気づかれてたんだ。でも、何でわざわざ待ってくれてたんだ?
「とりあえず、入れ。話はそれからだ」
「えっ。話って……」
もしかして、気づかれてる? そんなはずはないと思うも、桐花さんは何も言わずリビングに行ってしまう。
「レンレン、行こうか」
「う、うん」
美柑の意を決したような目に押され、僕は桐花さんを追った。
椅子に座り、桐花さんも向かい側に座る。少しばかり、リビングに重苦しい空気が張り詰める。
「さて、お前たちの様子から、あたしに何か話したいことがあるのは何となくわかってる。その話を聞こうじゃないか」
桐花さんが僕たちを見据える。さっき、僕たちが家に入ることを躊躇っていたから、必然的にそう感じていたんだ。
「はい。桐花さんに話さなければならないことがあり、夜分遅くではありますが伺いに参りました」
僕は桐花さんの眼力に負けないように、声を強める。相手の親に結婚の報告をするカップルの気持ちが、今なら痛いほどわかる。生半可な気持ち・覚悟でこの場にきてたら、ちゃんと喋れていた自信がない。

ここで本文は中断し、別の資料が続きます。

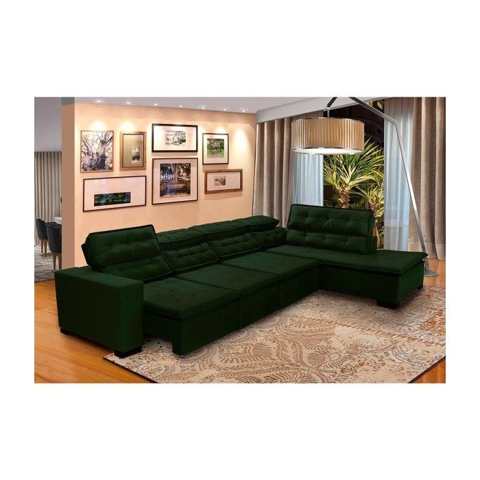 Sofá Canto Chaise D 3,60M x 2,20M Retrátil Mola Bonnel Pillow D28 Stillo Veludo Verde - Grandellar
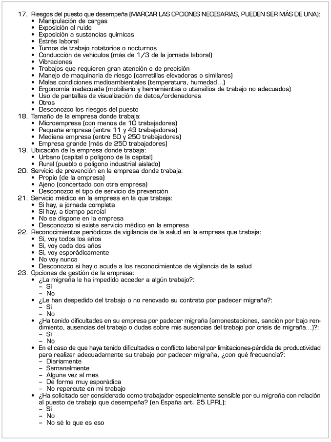 Estudio observacional transversal a partir de una encuesta anónima vía web ubicada en la página de la European Migraine and Headache Alliance (EMHA) y avalada científicamente por la asociación española de especialistas en medicina del trabajo (AEEMT) a 3342 pacientes de España, Italia, Francia, Portugal, Irlanda, Reino Unido, Alemania y otros países de la Unión Europea no incluidos entre los anteriores. Se consideran criterios de inclusión tener un diagnóstico previo de migraña, estar trabajando en el momento de la encuesta o haberlo estado en el año previo, y participación voluntaria. Se recogen datos desde septiembre de 2018 hasta enero de 2019. La encuesta consta de 32 cuestiones con respuesta múltiple (Anexo 1).
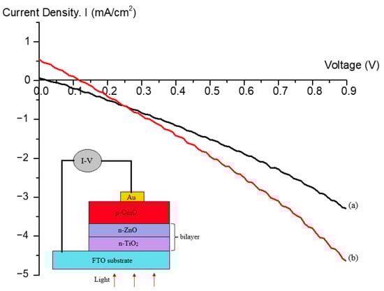 I-V measurement of the n-TiO2/ZnO bilayer/p-Cu2O heterostructure thin film at (a) dark and (b) illumination. The inset shows an illustration of the device.
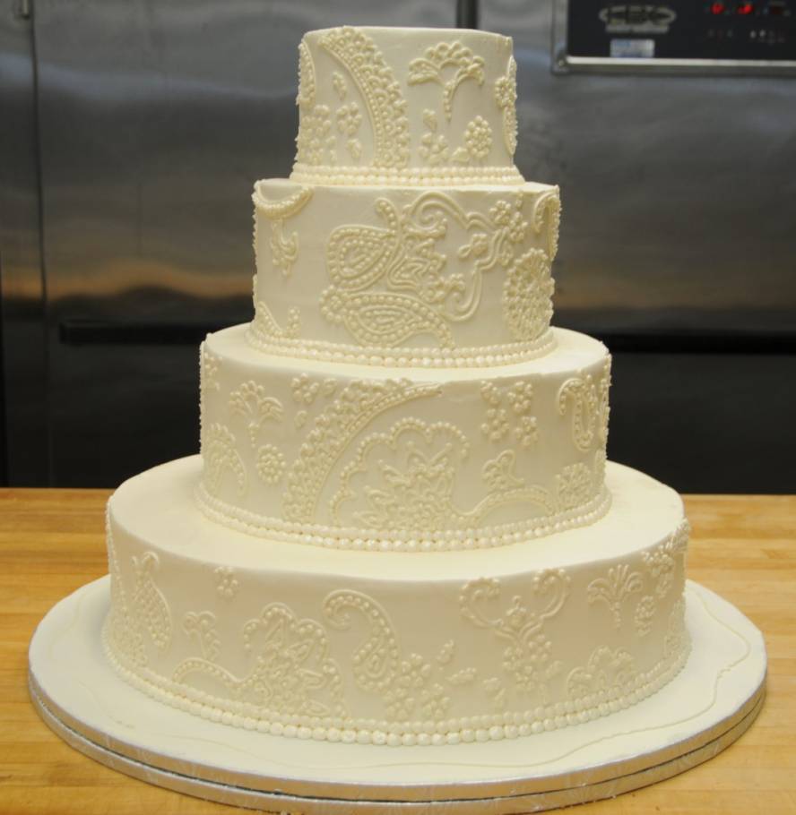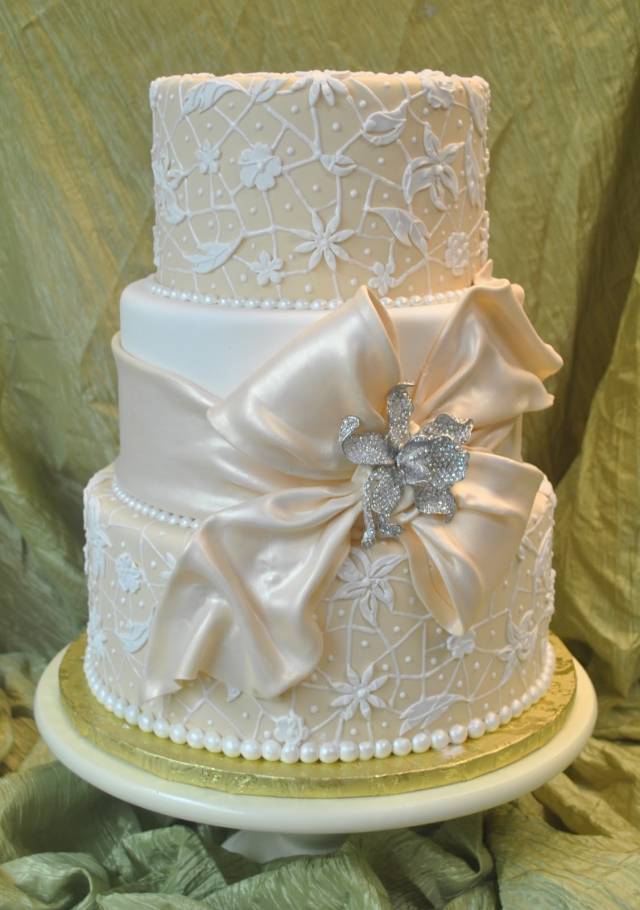Brides love fondant because it rolls out super smooth and can give a very sleek appearance and allows for certain designs that can’t be achieved with buttercream. Buttercream is created from butter and confectioner’s sugar and rather than being rolled on, it is spread on and then smoothed out. The most popular option differs depending on who you speak with, and seems to change every few years. While fondant was super popular a few years ago, buttercream is making a comeback in 2015.
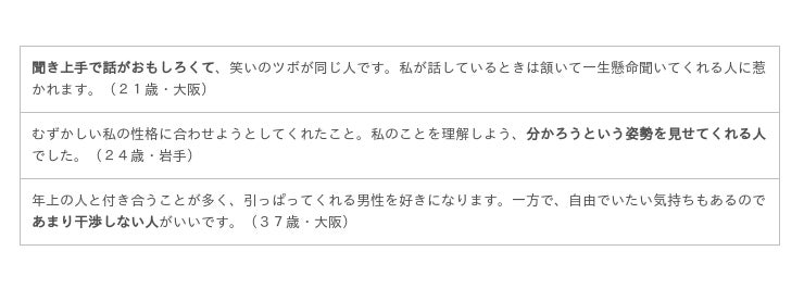あとは話が面白く楽しませてくれる男性や、こちらの話をよく聞いてくれるといったコミュニケーション能力の高い男性に惹かれるAB型女子が多いことも分かりました。一方で、「あまり干渉されたくない」という意見も多々挙げられていました。
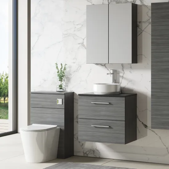 This unique anthracite compliments any modern bathroom and creates a designer look. This wall hung unit creates more space in your bathroom giving the illusion of a bigger bathroom. This unit has soft close drawers which limits the daily wear and tear and provides a quieter closing action. Colour co-ordinate your unit with an anthracite WC unit. Supplied with laminate worktop, for use with vessel basins (sold separately).
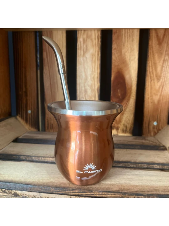 El mate con bombilla porongo de bronce es una elección distinguida para los amantes de la yerba mate que valoran tanto la estética como la calidad. Este set está compuesto por un porongo tradicional elaborado con acero inoxidable de primera calidad y pintado de color bronce, junto a una bombilla diseñada para brindar una experiencia de mate única y auténtica.
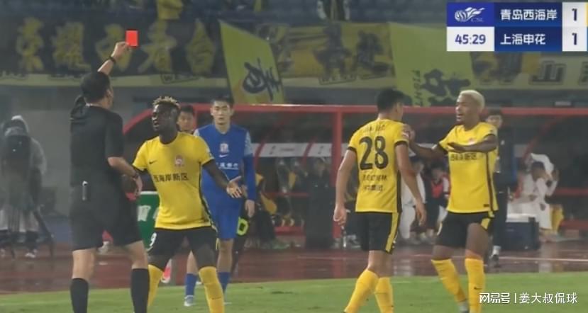 演都不演了,青岛西海岸两人被红牌罚下,上海申花如愿拿到三分。
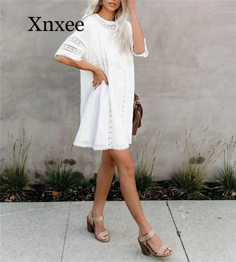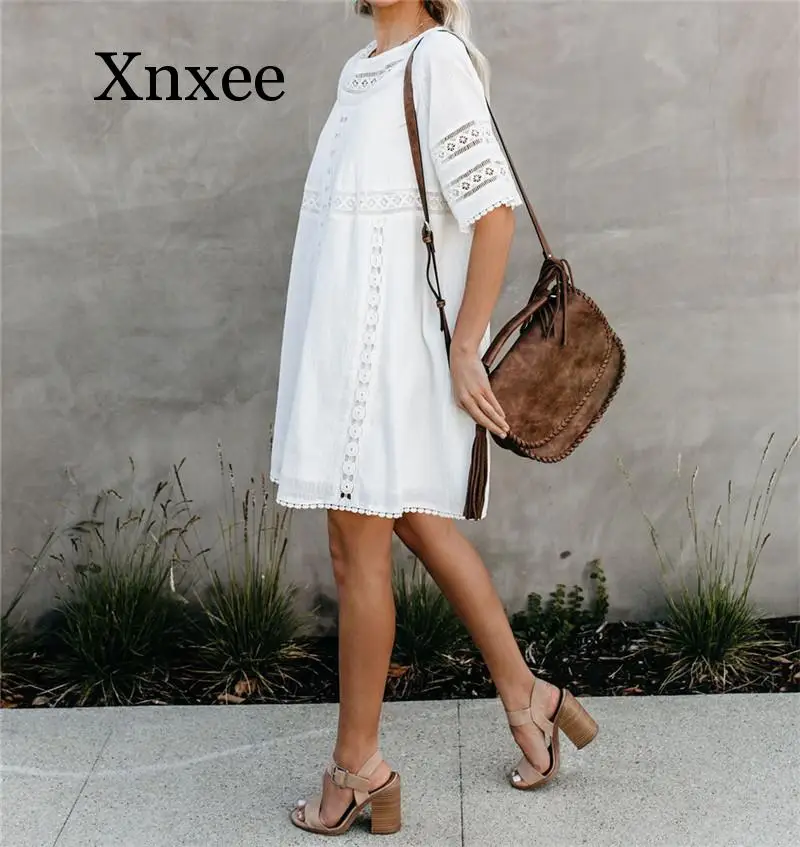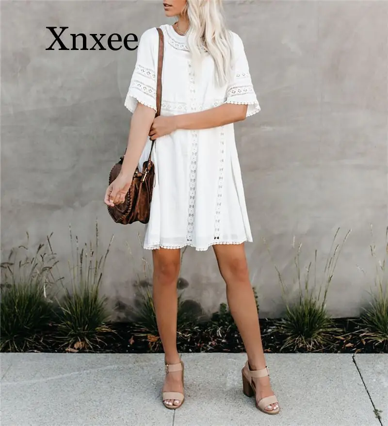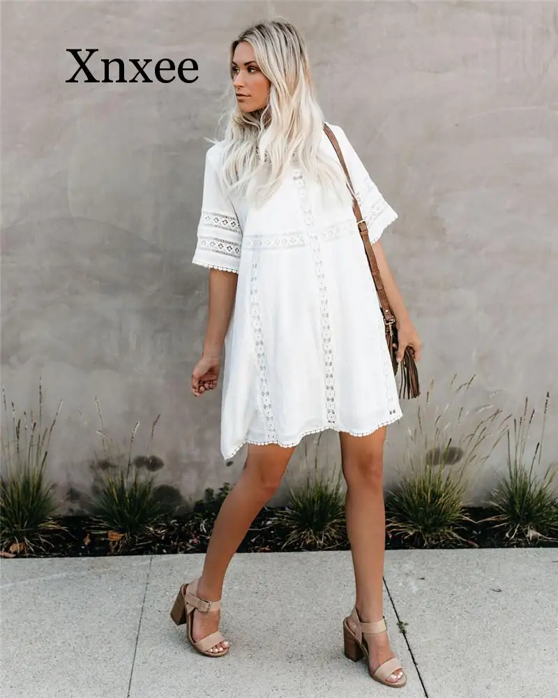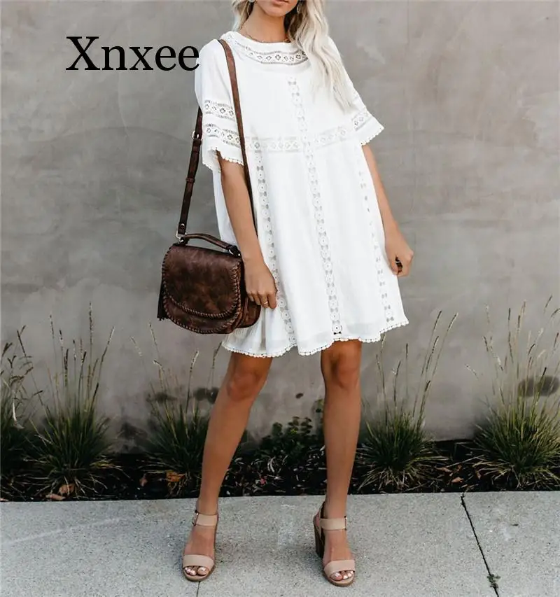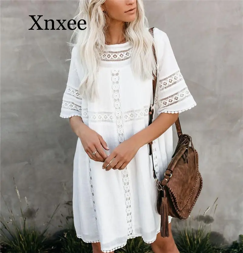 Best Price Comparison With Tunic Cover-ups 2020 White Tunic Sexy Hollow Out O-Neck Beach Mini Dress Summer Women Beach Wear Swim Suit Cover Up Sarong boho

「レンレン、待って。自分のことだけは、私から言わせて」
「美柑。わかった」
美柑がそう決めたのなら、ここは僕が口出しすべきじゃないだろう。美柑は深呼吸し、桐花さんを真っ直ぐ見つめた。
「お母さん、信じられないことかもしれないけど、聞いてほしいの。私、――実は一度死んでるの」
美柑が告げた衝撃の事実。桐花さんの眉が一瞬動いて見えたけど、まだ口を挟まない。
「でもね、お母さんもこの前会ったことあるけど、レンレンの妹、寧ちゃんに私は生き返らせてもらったの。ゾンビの体として」
美柑の表情は真剣そのものだ。それを見て、美柑の告げた事実を聞いて、桐花さんはどんな反応をするのだろうか。
「…………っ」
美柑の口元はわずかに震え、息を漏らす。桐花さんはそんな美柑を見つめ――ため息をこぼした。
「そういう事情だったのか」
何かを納得するような口振りに、僕も美柑も呆気に取られる。桐花さんはそんな僕たちを見て、訝しむ。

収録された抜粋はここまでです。